Эта топология сохраняет 100 твитов в блоке .txt в файловой системе HDFS. Это создает блоки, но они пусты и не показывают желаемый вывод твита. Код генерирует одно и то же исключение примерно 10 раз, пока jvm не сдается. Используя storm-core-0.9.5, storm-hdfs-2.1.0.jar, имел oop 2.7.1, имел oop -common-2.7.4.jar, имел oop -hdfs-2.7.4 .jar
STACK TRACE:
32973 [Thread-17-hdfs] FATAL com.example.HDFSBolt - IO Exception thrown while closing HDFS
java.nio.channels.ClosedChannelException
at org.apache.hadoop.hdfs.DFSOutputStream.checkClosed(DFSOutputStream.java:1715)

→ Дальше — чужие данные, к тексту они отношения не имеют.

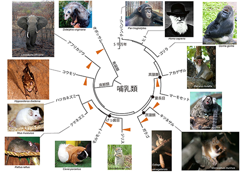 ボルナウイルスは細胞核で複製を行なうが、そのゲノムはおよそ8900塩基のRNAであり、6つの遺伝子をコードしている。そのうちの一つがN遺伝子でNたんぱく質というカプシドたんぱく質をコードしている。このN遺伝子がヒトのゲノムに組み込まれて内在化しているのである。そのような内在化は、図25-1で示すようにヒト以外のさまざまな哺乳類でも見られるが、哺乳類の多くの系統でそれぞれ独立に起こっているのである。ヒトの内在性ウイルス配列はマーモセットなど新世界ザルでも見られるので、真猿類の共通祖先で内在化が起こったと考えられる。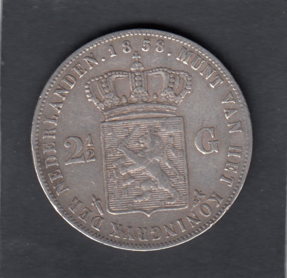 - VF, , 1858 2 1/2 Gulden WILLEM III - 2 1/2 Gulden WILLEM III, EUR

at org.apache.hadoop.fs.FSOutputSummer.write(FSOutputSummer.java:104)
at org.apache.hadoop.fs.FSDataOutputStream$PositionCache.write(FSDataOutputStream.java:58)
at java.io.DataOutputStream.write(DataOutputStream.java:107)
at sun.nio.cs.StreamEncoder.writeBytes(StreamEncoder.java:221)
at sun.nio.cs.StreamEncoder.implClose(StreamEncoder.java:316)
at sun.nio.cs.StreamEncoder.close(StreamEncoder.java:149)
at java.io.OutputStreamWriter.close(OutputStreamWriter.java:233)
at java.io.BufferedWriter.close(BufferedWriter.java:266)
at com.example.HDFSBolt.writeToHDFS(StormTwitter.java:603)
at com.example.HDFSBolt.execute(StormTwitter.java:563)
at backtype.storm.daemon.executor$fn__6647$tuple_action_fn__6649.invoke(executor.clj:633)
at backtype.storm.daemon.executor$mk_task_receiver$fn__6570.invoke(executor.clj:401)
at backtype.storm.disruptor$clojure_handler$reify__1605.onEvent(disruptor.clj:58)
at backtype.storm.utils.DisruptorQueue.consumeBatchToCursor(DisruptorQueue.java:125)
at backtype.storm.utils.DisruptorQueue.consumeBatchWhenAvailable(DisruptorQueue.java:99)
at backtype.storm.disruptor$consume_batch_when_available.invoke(disruptor.clj:80)
at backtype.storm.daemon.executor$fn__6647$fn__6659$fn__6706.invoke(executor.clj:748)
at backtype.storm.util$async_loop$fn__459.invoke(util.clj:463)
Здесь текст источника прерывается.